(INPUT MATERIAL):
****************
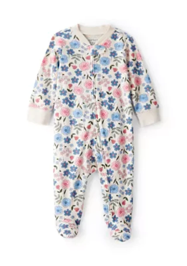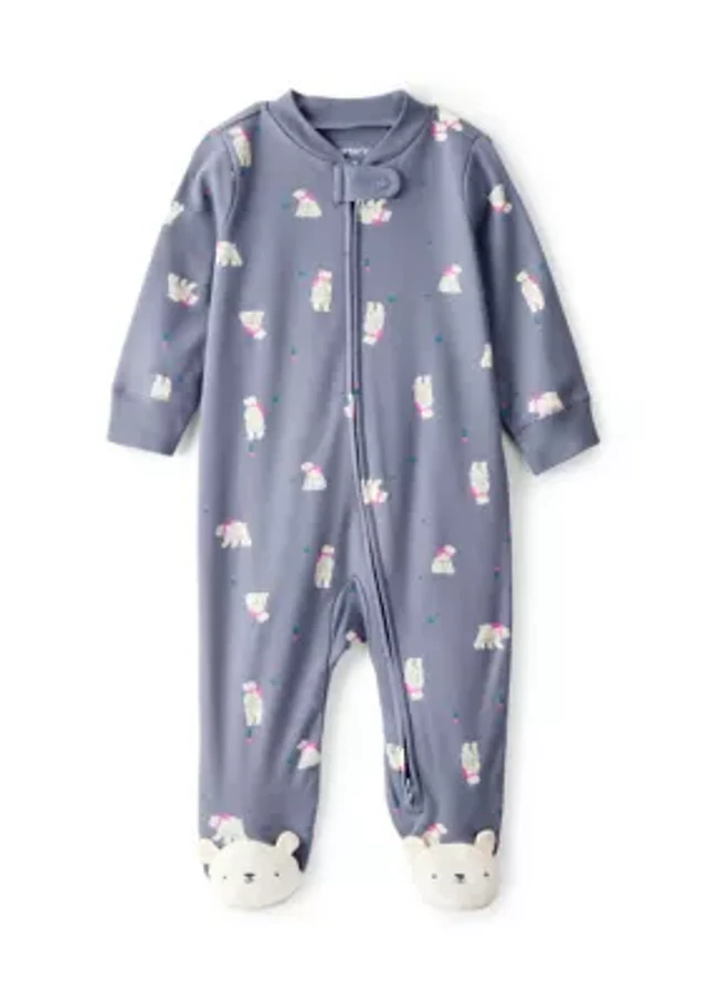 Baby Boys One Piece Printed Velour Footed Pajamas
****************
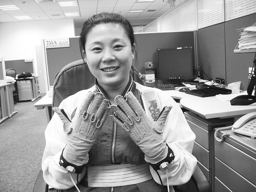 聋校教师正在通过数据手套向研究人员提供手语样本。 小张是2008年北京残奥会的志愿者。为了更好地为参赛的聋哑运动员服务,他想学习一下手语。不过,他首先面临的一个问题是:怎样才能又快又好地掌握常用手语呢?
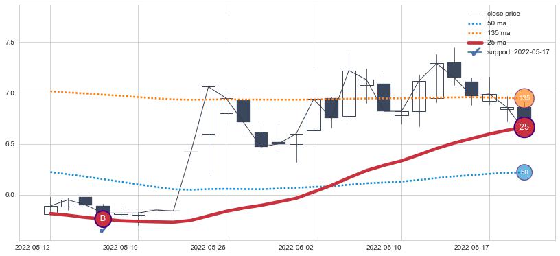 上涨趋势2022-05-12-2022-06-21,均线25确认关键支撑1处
****************
(PROBLEM REQUIREMENTS): Look above for the line containing "聋校教师正在通过数据手套向研", then write out every line from there down to the line containing "上涨趋势2022-05-12-2022-06-21,均线25确认关键支撑1处", that line included, with no pictures.

(RESULT FOR THIS EXERCISE):
 聋校教师正在通过数据手套向研究人员提供手语样本。 小张是2008年北京残奥会的志愿者。为了更好地为参赛的聋哑运动员服务,他想学习一下手语。不过,他首先面临的一个问题是:怎样才能又快又好地掌握常用手语呢?
 上涨趋势2022-05-12-2022-06-21,均线25确认关键支撑1处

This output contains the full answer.